Exercise goal — Leave every image out, and return the rest of the data word for word.

Task input —

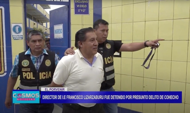 Con grilletes y completamente resguardado, este jueves, el director de la I.E Francisco Lizarzaburu, Álvaro Sánchez, del distrito del El Porvenir fue detenido por el área anticorrupción de la Policía Nacional.
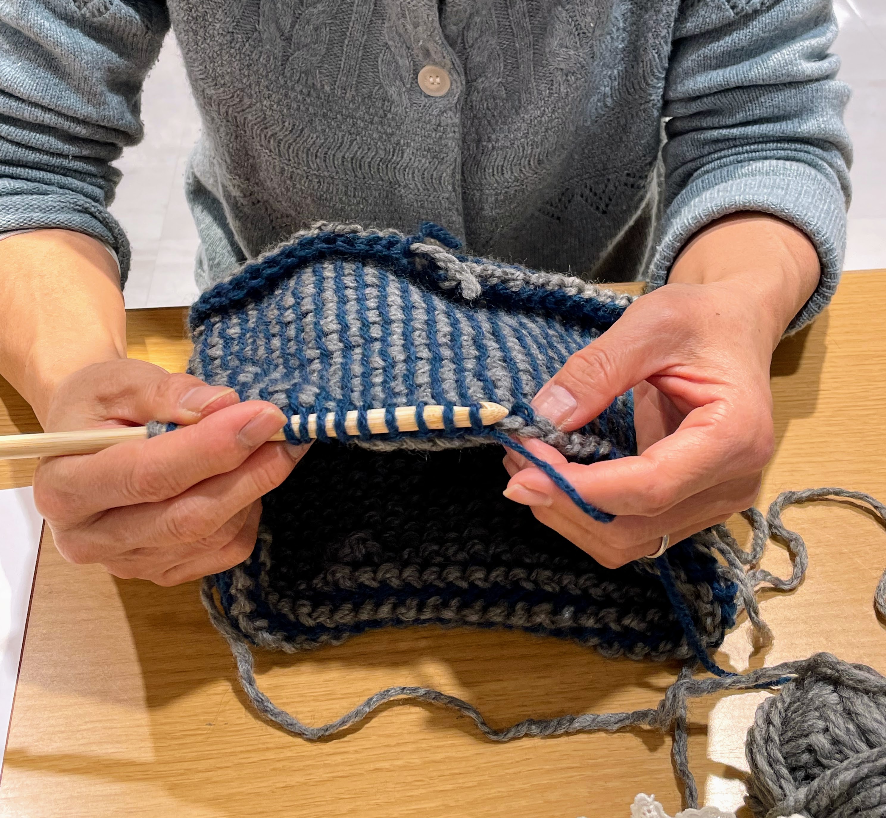 その後は小物課題の交差模様のハンドウォーマーに
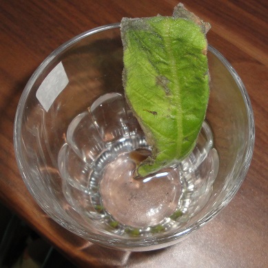 Ich habe vor einigen Tagen vier Streptocarpusblätter bekommen und habe sie, wie von der Verkäuferin beschrieben in ein Glas mit 1 bis 2cm Wasser getan.
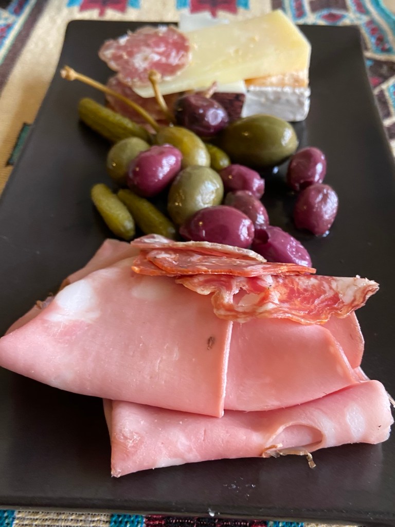 Let’s explore the food and try to forget the pick up issues. Our selections were the antipasti plate, green salad, eggplant parmesan, chicken parmesan. veggies, and focaccia bread.
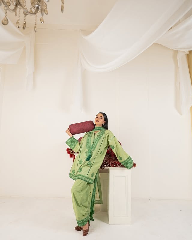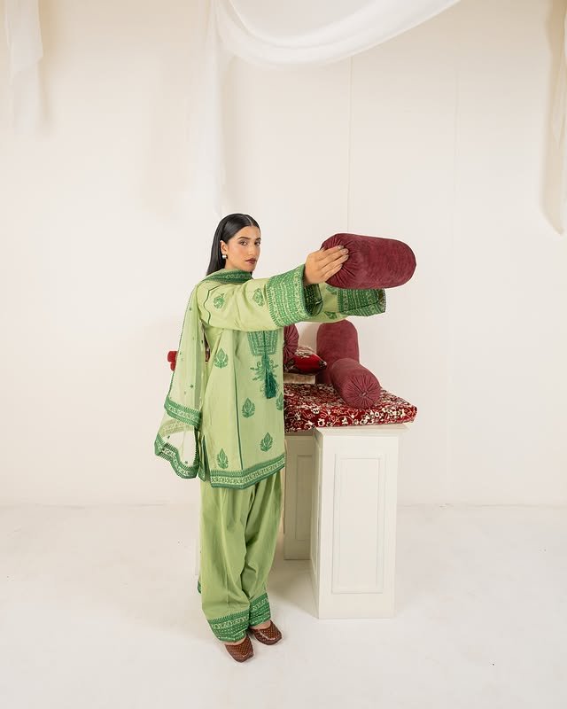 A refreshing green Farshi Salwar three-piece set crafted in breathable lawn cotton. Beautifully embroidered for an elegant yet lightweight summer look.
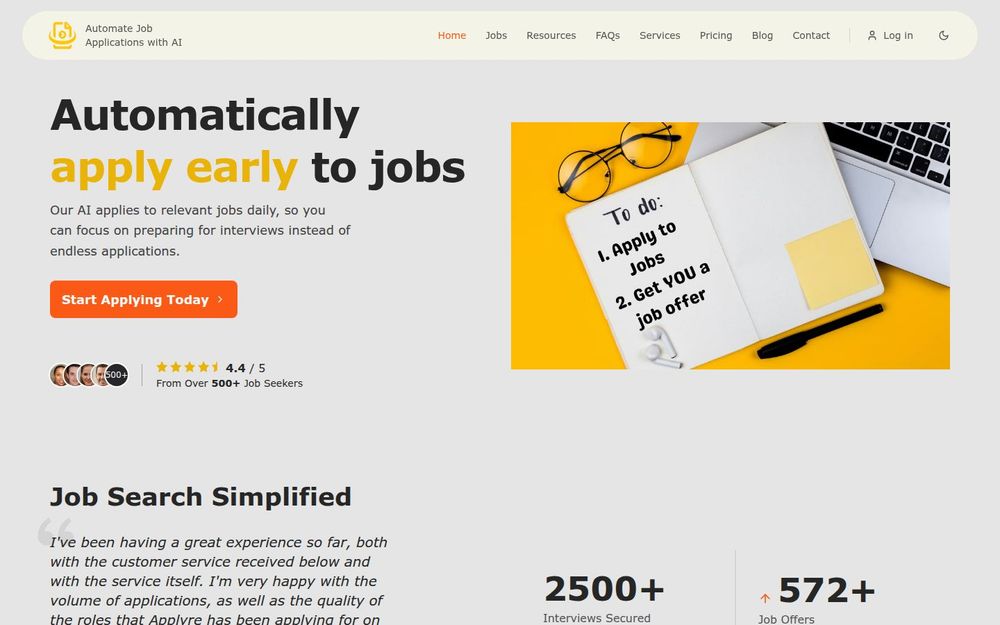 Applyre 是一款结合 AI 自动化投递 与 人工审核 的求职辅助平台,目标是让求职者将精力集中在面试准备与职业发展上,而不是花大量时间在重复性的申请流程中。平台全天候运行,持续扫描并投递匹配的职位,从而帮助用户在岗位发布初期就抢先提交申请,提升获得面试的概率。
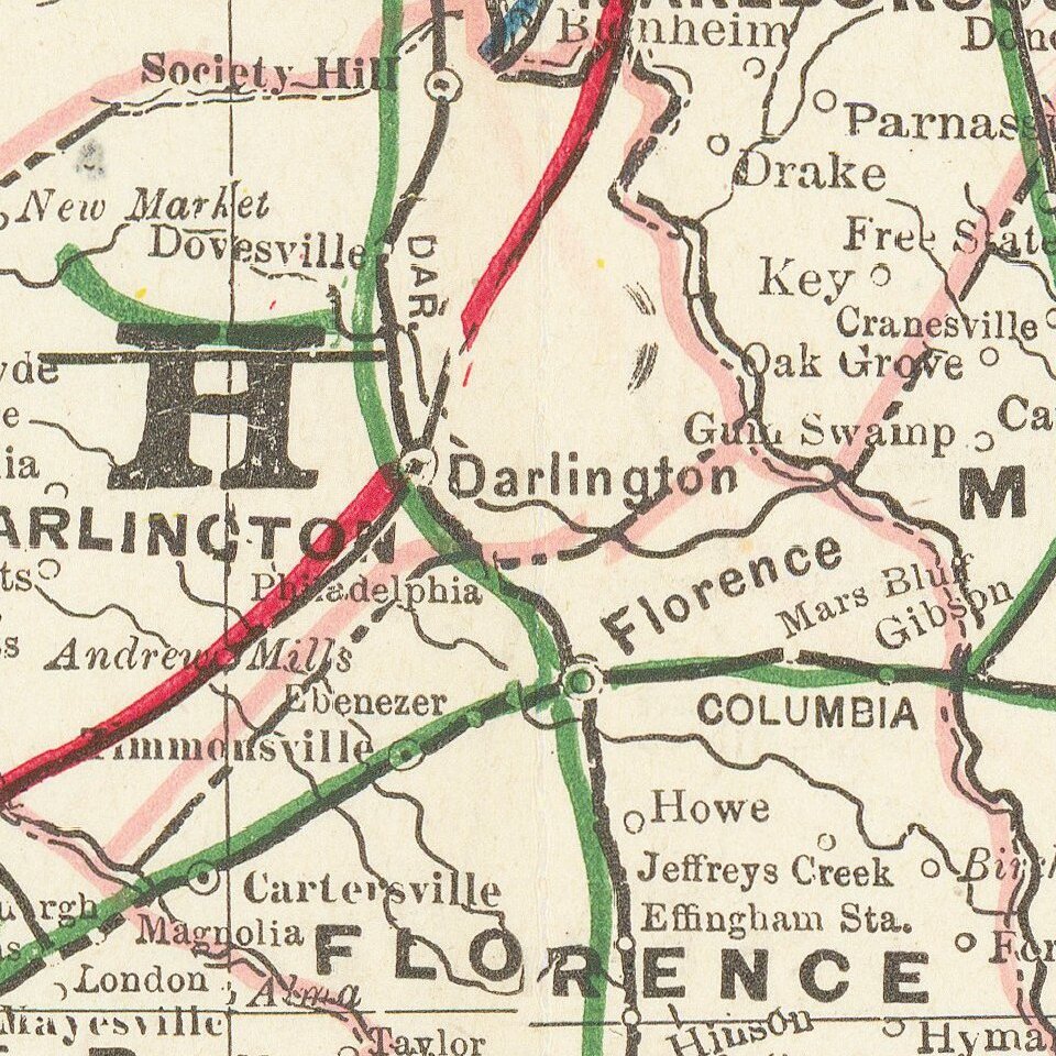 A fabulously detailed railroad map of the Carolinas, from Cram's scarce Standard American Railway Atlas.
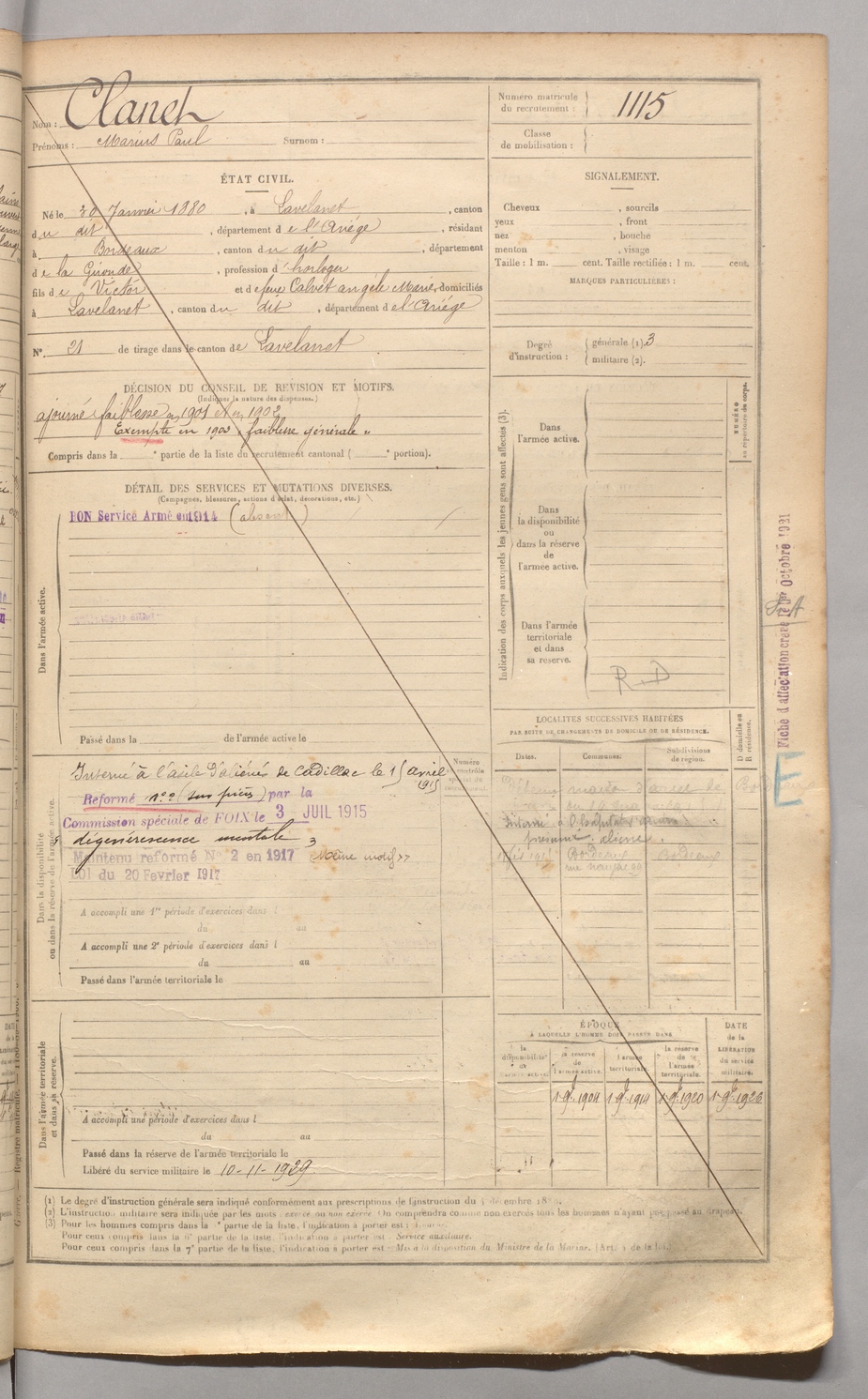 | Clanet | Marius Paul | FOIX | 129 W 4 | 1900 | Lavelanet | Bordeaux | 1115 |
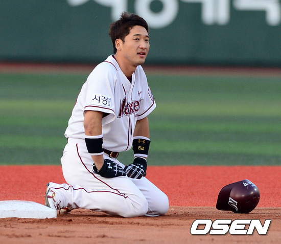 25일 오후 서울 목동구장에서 열린 '2012 팔도 프로야구' 넥센 히어로즈와 한화 이글스의 경기, 1회말 2사 1루에서 넥센 이택근이 2루 도루에 실패하며 아쉬워하고 있다.

Output of the exercise —
 Con grilletes y completamente resguardado, este jueves, el director de la I.E Francisco Lizarzaburu, Álvaro Sánchez, del distrito del El Porvenir fue detenido por el área anticorrupción de la Policía Nacional.
 その後は小物課題の交差模様のハンドウォーマーに
 Ich habe vor einigen Tagen vier Streptocarpusblätter bekommen und habe sie, wie von der Verkäuferin beschrieben in ein Glas mit 1 bis 2cm Wasser getan.
 Let’s explore the food and try to forget the pick up issues. Our selections were the antipasti plate, green salad, eggplant parmesan, chicken parmesan. veggies, and focaccia bread.
 A refreshing green Farshi Salwar three-piece set crafted in breathable lawn cotton. Beautifully embroidered for an elegant yet lightweight summer look.
 Applyre 是一款结合 AI 自动化投递 与 人工审核 的求职辅助平台,目标是让求职者将精力集中在面试准备与职业发展上,而不是花大量时间在重复性的申请流程中。平台全天候运行,持续扫描并投递匹配的职位,从而帮助用户在岗位发布初期就抢先提交申请,提升获得面试的概率。
 A fabulously detailed railroad map of the Carolinas, from Cram's scarce Standard American Railway Atlas.
 | Clanet | Marius Paul | FOIX | 129 W 4 | 1900 | Lavelanet | Bordeaux | 1115 |
 25일 오후 서울 목동구장에서 열린 '2012 팔도 프로야구' 넥센 히어로즈와 한화 이글스의 경기, 1회말 2사 1루에서 넥센 이택근이 2루 도루에 실패하며 아쉬워하고 있다.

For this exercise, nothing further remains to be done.